# Casa controlada por internet



## paxeco (Jun 26, 2007)

hola maestros, este es mi proyecto:

Quiero controlar los implementos de una casa via internet, ya sea iluminacion, prender tv etc, esto con la finalidad de seguridad, cuando no estes en la casa podras prender la luz y simular que hay alguien.

En la casa debe haber un Pc conectado a internet y evidentemente prendido, donde via internet le enviare ordenes para que encienda distintas operaciones, tengo dudas porque puerto puedo hacer salir estos estados?? del puerto de salida iremos al PIC16f877 donde conectaremos los artefactos de potencia via uln2803.

Mi pregunta es:             Porque puerto puedo enviar la información?
                                      Como hago para controlar via internet el pc, debo hacer un programa? una pagina?                   

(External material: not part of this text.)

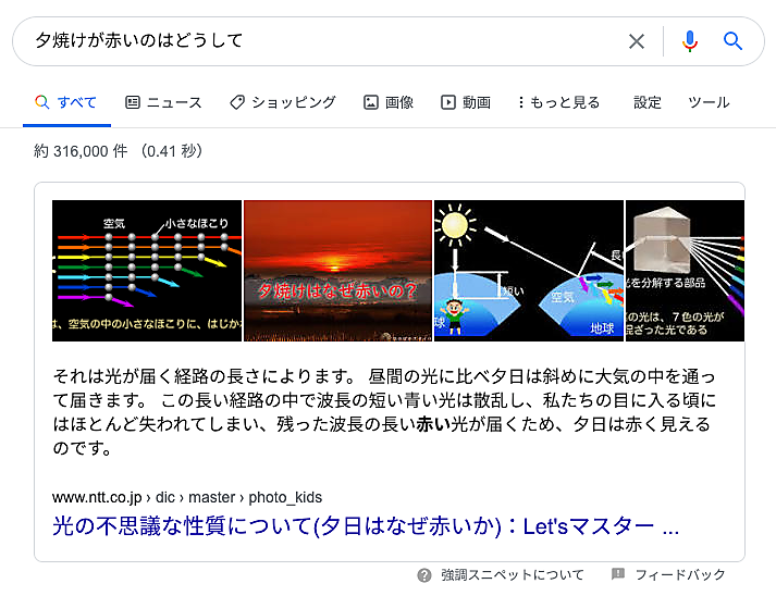 さらに、強調スニペットの画像も複数のサイトから選ばれることがある(強調スニペットの説明と画像が別々のサイトからの場合がある)。
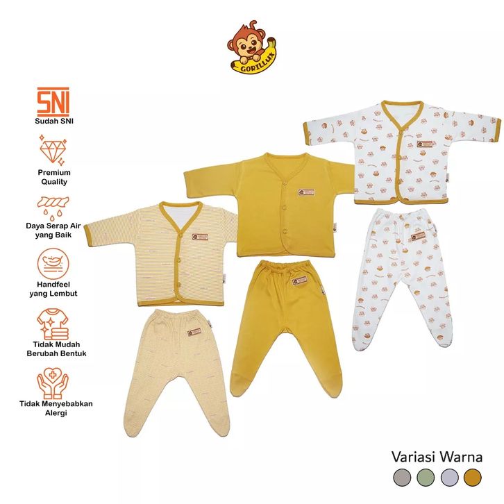 GROSIR GORILLUX PAKET 3 Setelan Baju Panjang Bayi (0-12 Bulan) iceds

Eso es Gracias maestros!!!!!!!!!!


----------



## Raflex (Jul 1, 2007)

Hola, el microcontrolador que vas a usar puede trabajar con comunicacion serie sin problemas, la interfase puede ser en visual basic con una aplicacion cliente servidor, el servidor ademas de recibir los comandos remotamente por internet debe contar con comunicacion serie hacia el pic, visual basic cuenta con todo lo necesario para hacer esto, la comunicacion por internet es con el complemento Winsox y la serial con un comm control.

Si usas labview simplificas mas el diseño del programa.


----------



## paxeco (Jul 12, 2007)

Gracias por la respuesta, si ya he averiguado y voy a comunicar el pic via puerto paralelo.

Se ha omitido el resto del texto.